**Required action**.
Lines from the one holding "John Niland Scientia" through the end of the entries, inclusive, form the whole output; reproduce them exactly and omit pictures.

**Records from a data source**.

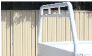
Rear Loading Rack
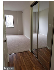
Master Bedroom has Lots of Closet space
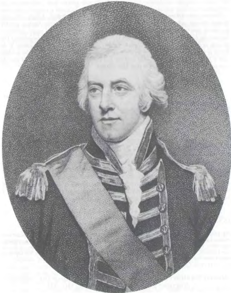
Admiral Sir John Borlase Warren, R.N.
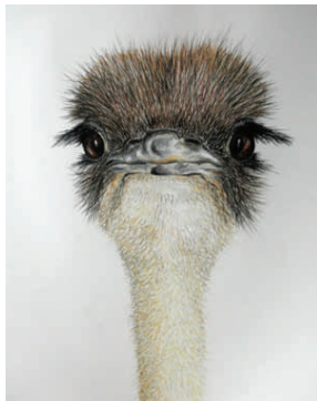
'I'm listening . . .'
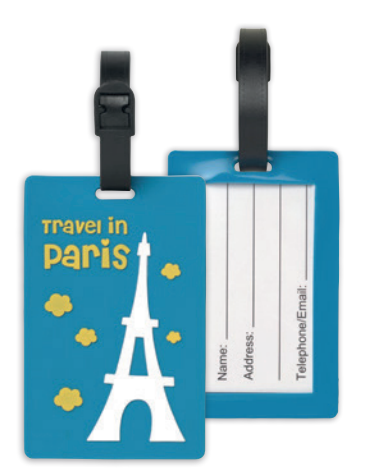
MT1001 Large luggage tag. Size: 65(w)x104(h) mm.

Full colour Suitcase jacket & backpack holder. Also available in RPET (ML2106)
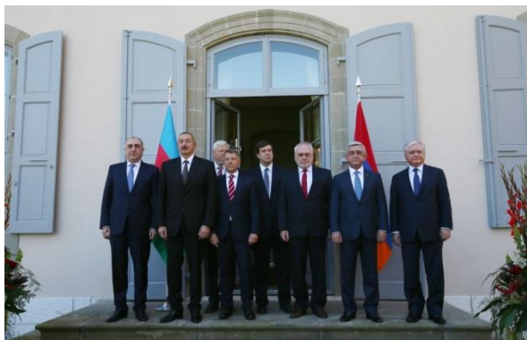
Presidential meeting in Geneva

On 16 November, the presidents of Azerbaijan and Armenia met in Geneva to discuss the peaceful settlement of the Nagorno-Karabakh conflict. In a joint statement, both parties and the three Co-Chairs of the OSCE Minsk Group stated that the meeting took place in a constructive atmosphere and that the two presidents agreed to take measures to intensify the negotiation process and to take additional steps to reduce tensions along the line of contact.
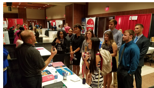
Freshmen students attended the UL Career Fair in September.

A MINOR — The University offers students a wide variety of minors that enrich their course of study while completing their undergraduate degree. Minors may expand a student's knowledge and skills in an area that increases preparation for a particular career. Other students may choose to enroll in a minor simply to learn more about an area of personal interest. One of the most popular minors offered by the university is a Leadership Studies minor . The Leadership Studies minor became available in Spring 2014, and is available to students of any major. The minor was student-developed with the goal of creating well rounded students who can communicate effectively. Freshmen wishing to declare a minor must go to Academic Success Center in Lee Hall, room 115. Click here to see a full list of minors offered at UL Lafayette.
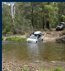
Victorian High Country
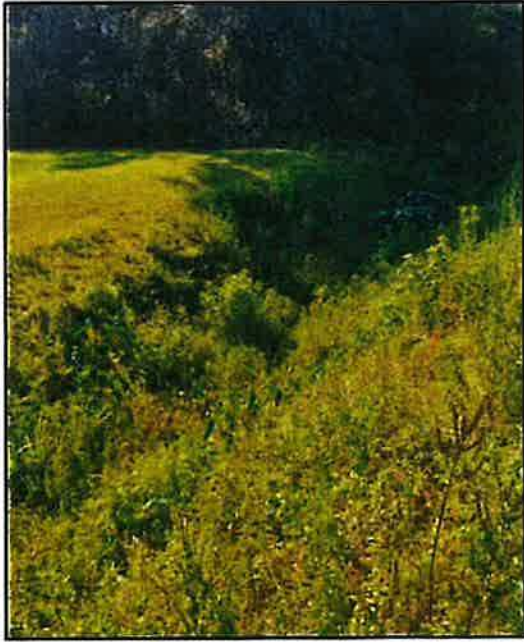
Photograph 8: Lower reach of D-1.
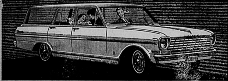
'63 CHEVY II NOVA 400 STATION WAGON—Gives modest budgets lots to brag about.
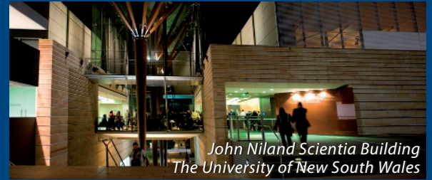
John Niland Scientia Building The University of New South Wales

The Go8 offers a trusted network through which ideas and expertise are shared. Various committees of Go8 directors meet regularly to share information and ideas and to work jointly on projects.
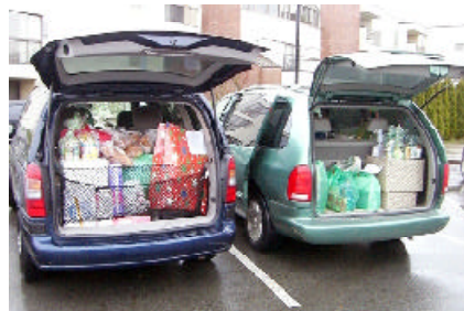
Our parish Youth Ministry carried Christmas Hampers to needy families. Dec 23 本堂青年牧民遞送聖誕禮物包給有需要的家庭

**Written reply**.
John Niland Scientia Building The University of New South Wales

The Go8 offers a trusted network through which ideas and expertise are shared. Various committees of Go8 directors meet regularly to share information and ideas and to work jointly on projects.
Our parish Youth Ministry carried Christmas Hampers to needy families. Dec 23 本堂青年牧民遞送聖誕禮物包給有需要的家庭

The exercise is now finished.